Brief — Beneath this task are records; count how many lines include the string "sich" and answer with that number alone.

Data items:
------------------------------------------------

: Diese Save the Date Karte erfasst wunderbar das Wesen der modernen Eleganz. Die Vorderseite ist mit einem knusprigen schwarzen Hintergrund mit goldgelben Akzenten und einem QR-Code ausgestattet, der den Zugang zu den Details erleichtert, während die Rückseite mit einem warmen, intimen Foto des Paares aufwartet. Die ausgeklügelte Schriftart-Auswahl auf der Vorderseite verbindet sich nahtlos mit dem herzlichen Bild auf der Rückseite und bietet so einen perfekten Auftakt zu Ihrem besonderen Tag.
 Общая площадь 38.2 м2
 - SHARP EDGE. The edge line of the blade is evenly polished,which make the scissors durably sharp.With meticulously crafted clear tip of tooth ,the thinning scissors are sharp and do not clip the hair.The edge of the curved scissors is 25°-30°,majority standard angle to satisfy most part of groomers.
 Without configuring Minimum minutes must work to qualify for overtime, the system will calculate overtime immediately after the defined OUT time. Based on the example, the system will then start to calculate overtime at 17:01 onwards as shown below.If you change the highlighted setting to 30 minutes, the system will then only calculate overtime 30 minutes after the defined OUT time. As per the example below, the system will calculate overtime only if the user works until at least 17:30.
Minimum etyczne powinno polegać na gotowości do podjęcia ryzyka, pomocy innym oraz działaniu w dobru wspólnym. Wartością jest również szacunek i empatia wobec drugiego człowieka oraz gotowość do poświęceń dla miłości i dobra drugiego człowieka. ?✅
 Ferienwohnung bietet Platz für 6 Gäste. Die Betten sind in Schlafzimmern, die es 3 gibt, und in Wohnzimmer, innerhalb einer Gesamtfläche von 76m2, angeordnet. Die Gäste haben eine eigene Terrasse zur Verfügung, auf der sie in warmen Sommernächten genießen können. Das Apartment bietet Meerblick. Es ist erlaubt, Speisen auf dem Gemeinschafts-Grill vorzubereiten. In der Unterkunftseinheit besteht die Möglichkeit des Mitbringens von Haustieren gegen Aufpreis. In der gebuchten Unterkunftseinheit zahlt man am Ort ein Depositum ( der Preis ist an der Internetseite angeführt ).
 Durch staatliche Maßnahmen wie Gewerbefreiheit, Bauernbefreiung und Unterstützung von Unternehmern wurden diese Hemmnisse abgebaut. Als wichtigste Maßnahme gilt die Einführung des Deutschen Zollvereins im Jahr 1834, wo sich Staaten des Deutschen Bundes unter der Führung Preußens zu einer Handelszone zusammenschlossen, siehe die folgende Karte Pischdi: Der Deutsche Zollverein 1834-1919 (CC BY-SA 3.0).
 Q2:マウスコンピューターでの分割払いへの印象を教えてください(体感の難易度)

------------------------------------------------

Worked solution — 2